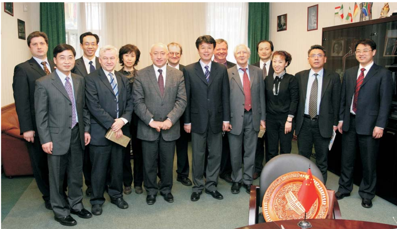
Дубна, 30 марта. Делегация Государственного управления Китайской Народной Республики по делам иностранных специалистов на приеме в дирекции ОИЯИ
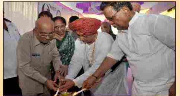
નામકરણ વિધિ સમારોહ પ્રસંગે મંચસ્થ મહાનુભાવો
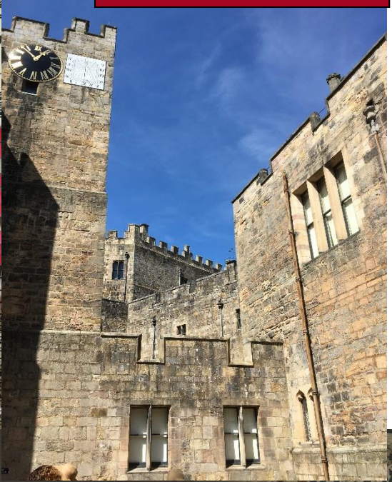
Een prachtige dag bij Raby Castle
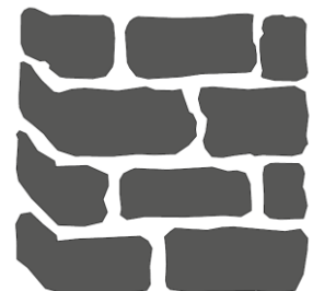
| POSA CORRETTA |
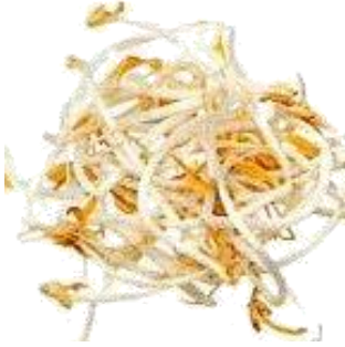
りょくとうもやし
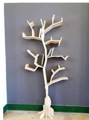
Arbre à livre réalisé par M. Morin
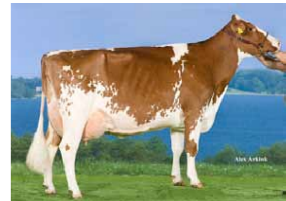
Barend. Emma 192 (v. Classic), res.kamp. midden Prod.: 3.07 376 13.624 3,65 3,32 lw 102
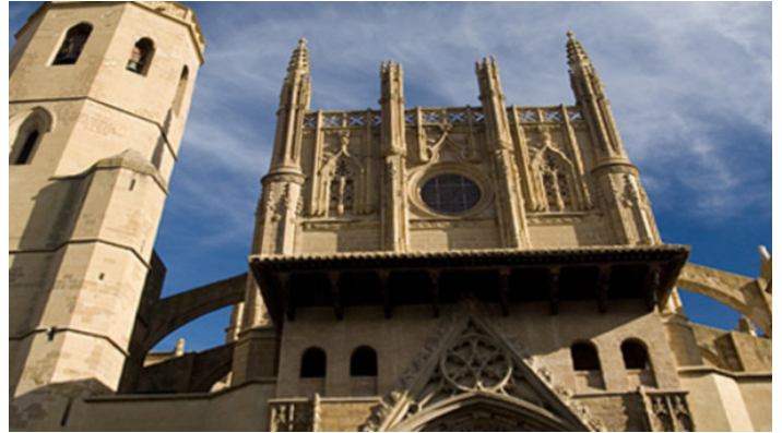
Imagen de la catedral de Huesca.
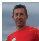
Séance développée par Christophe Cheval Entraîneur du club d'Athlétisme de Perpignan

L'enfant se place de profil dans la zone de lancée, à cheval sur la latte posée au milieu, pied gauche ou droit selon son pied dominant. Au signal, l'enfant devra réaliser 3 lancers consécutifs de manière à atteindre la zone-cible la plus lointaine possible.
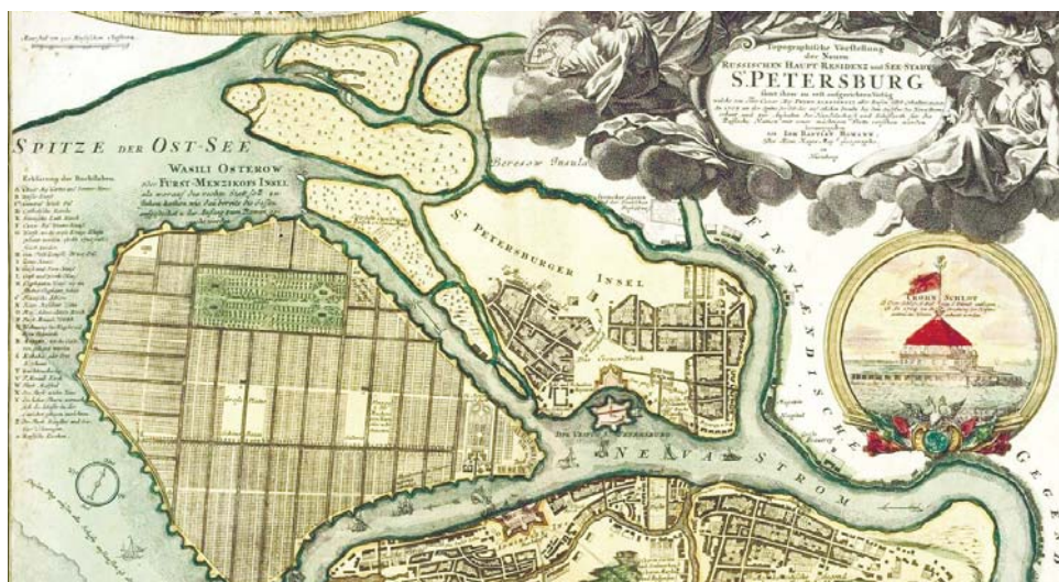
План Доменико Трезини. 1716 год

Васильевский остров, который изначально именовался Преображенским, — это историческая часть Санкт-Петербурга, самый крупный остров в дельте Невы, рассекающий ее на два больших рукава — Большую Неву на юге и Малую Неву на севере. На западе Васильевский остров омывается водами Финского залива, а на севере отделяется рекой Смоленкой от острова Декабристов (бывшего острова Голодай).
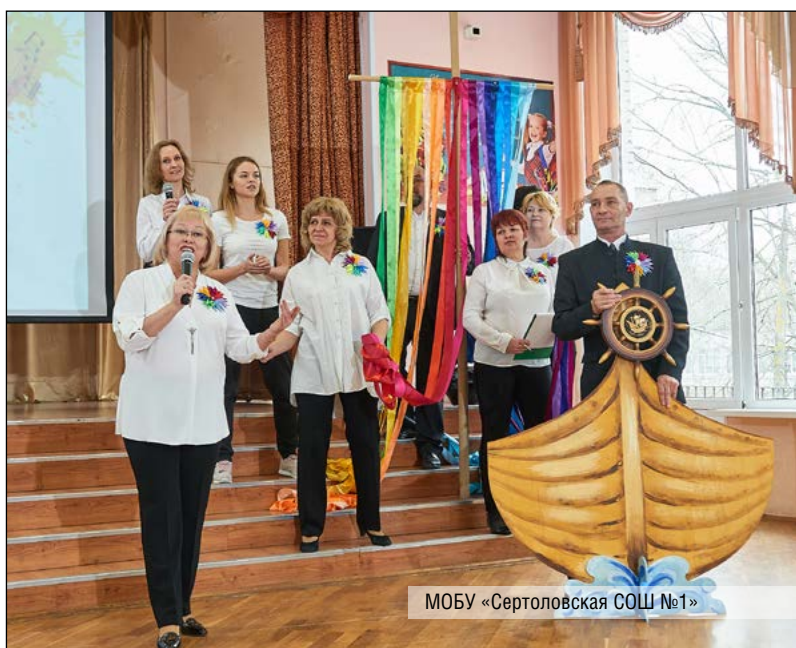
МОБУ «Сертоловская СОШ №1»

Школьное методическое объединение классных руководителей МОУ «Дубровская СОШ»
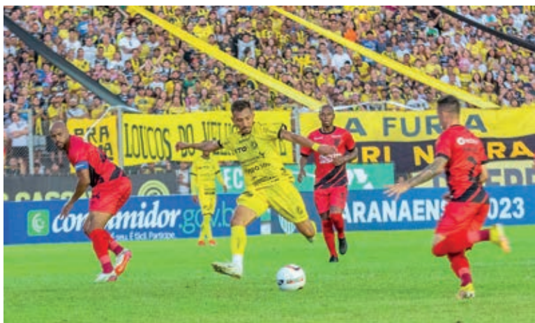
Domingo de decisão. FC Cascavel tenta entrar para a lista dos campeões

Dono da melhor campanha do Paranaense e único time da Série A invicto na temporada, o Athletico joga com a vantagem do empate para garantir
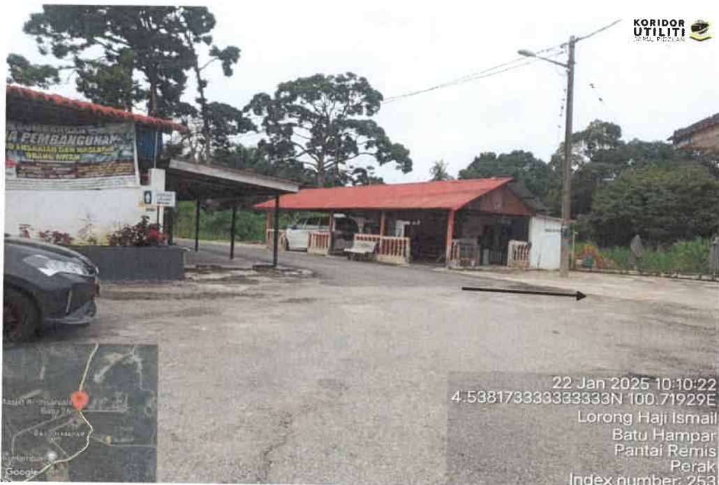
KOORDINAT CADANGAN MANHOLE KEDUA
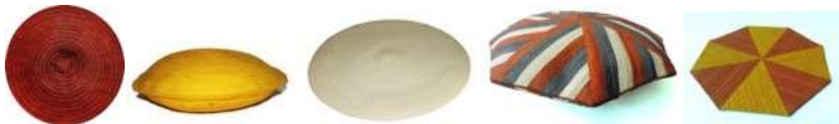
Descripción: Productos artesanales de Tuchín Lugar: Tuchín, Córdoba, Colombia.

En este sentido, la comunidad artesanal de Tuchín fue atendida por proyectos tales como “Fortalecimiento de la competitividad y el desarrollo de la actividad artesanal en el Departamento de Córdoba”, “OVOP – One Village, One Product” y “Pueblos indígenas de Colombia”. Además, varios grupos han trabajado para colecciones especiales de Artesanías de Colombia como Tradición y Evolución o Diseño Colombia.
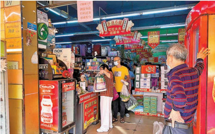
◆東莞的超市未出現物資短缺。

香港文匯報訊（記者 帥誠 廣州報道）因新冠疫情影響，3月14日東莞市公交、地鐵暫時停運，東莞全市小區、村（社區）一律實行圍合管理，工廠企業、產業園區全面實行封閉式管理。有在東莞生活的港人表示，雖然公共交通停運給出行帶來不便，但目前超市物資充足未影響到基本生活，有台商稱目前工廠員工進出需24小時核酸陰性證明，政府設有多個免費檢測點便利廠區員工。
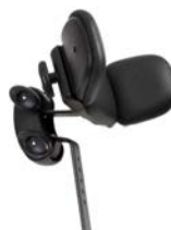
Reposacabezas con alas ajustables
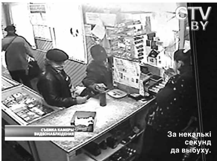
За некалькі секунд да выбуху.

Дагэтуль няясна: ці то быў сапраўдны тэракт, ці то вучэнні, ці то выбух у рамках вучэнняў.
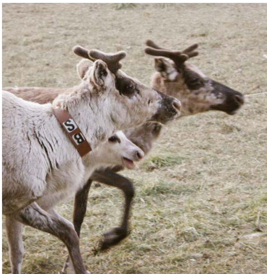
Figur 1. Renko (vaja) med GPS-halsband.

I en tidigare studie utvärderades effekterna av en ökad hänsyn i skogsbruket till rennäringens behov i enlighet med föreslagna åtgärder i Svenska Samernas Riksförbunds policy. Dessa skötselråd förväntas gynna både rennäringen och tillväxten av lav men för skogsbruket kan dessa anpassningar leda till lägre virkesproduktion. Rekommendationerna innefattar skonsammare markberedningsmetoder och alternativa dragningar av vägar, undvikande av plantering av främmande träslag, t.ex.
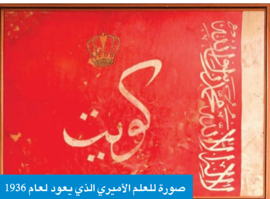
صورة للعلم الأميري الذي يعود لعام 1936
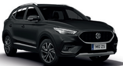
Czarny „Black Pearl” (metalik)
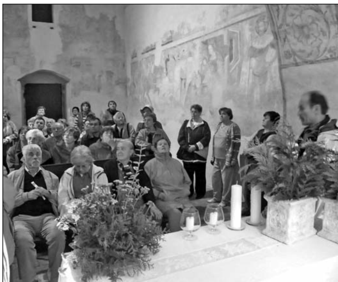
Gyülekezeti kirándulás az Őrségben – Október 10.

Október 31. Közös reformációi ünnepség a református gyülekezettel
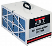
AFS-500 СИСТЕМА ФИЛЬТРАЦИИ ВОЗДУХА Артикул 708611М
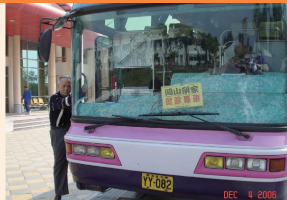
▲岡山榮家就診專車。
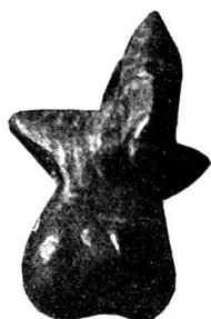
n o 23.
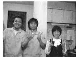
(株)不二精工様に勤めていた時の 仲間達です。(真ん中が私です。)
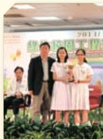
多年獲得綠色校園工程獎
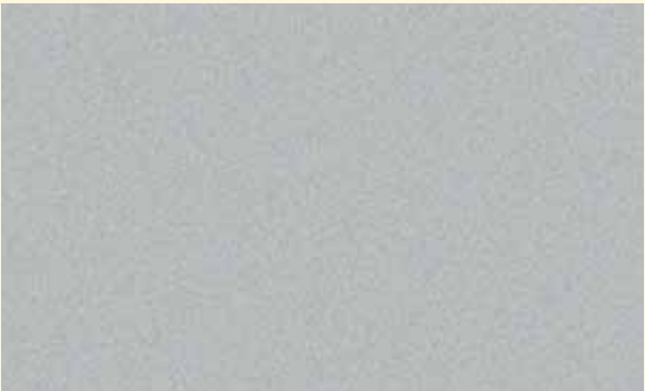
Bright Silver Metallic
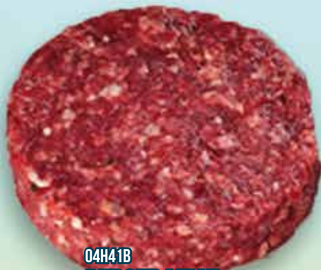
04H41B BURGER MEAT 100% VAGUNO 180GR 1X30UND
○ ○ ○ ○
Exercise prompt - Take the material above from the line containing "Reposacabezas con alas ajustables" up to and including the line containing "Október 31. Közös" and retype it exactly, without any pictures.

Result -
Reposacabezas con alas ajustables
За некалькі секунд да выбуху.

Дагэтуль няясна: ці то быў сапраўдны тэракт, ці то вучэнні, ці то выбух у рамках вучэнняў.
Figur 1. Renko (vaja) med GPS-halsband.

I en tidigare studie utvärderades effekterna av en ökad hänsyn i skogsbruket till rennäringens behov i enlighet med föreslagna åtgärder i Svenska Samernas Riksförbunds policy. Dessa skötselråd förväntas gynna både rennäringen och tillväxten av lav men för skogsbruket kan dessa anpassningar leda till lägre virkesproduktion. Rekommendationerna innefattar skonsammare markberedningsmetoder och alternativa dragningar av vägar, undvikande av plantering av främmande träslag, t.ex.
صورة للعلم الأميري الذي يعود لعام 1936
Czarny „Black Pearl” (metalik)
Gyülekezeti kirándulás az Őrségben – Október 10.

Október 31. Közös reformációi ünnepség a református gyülekezettel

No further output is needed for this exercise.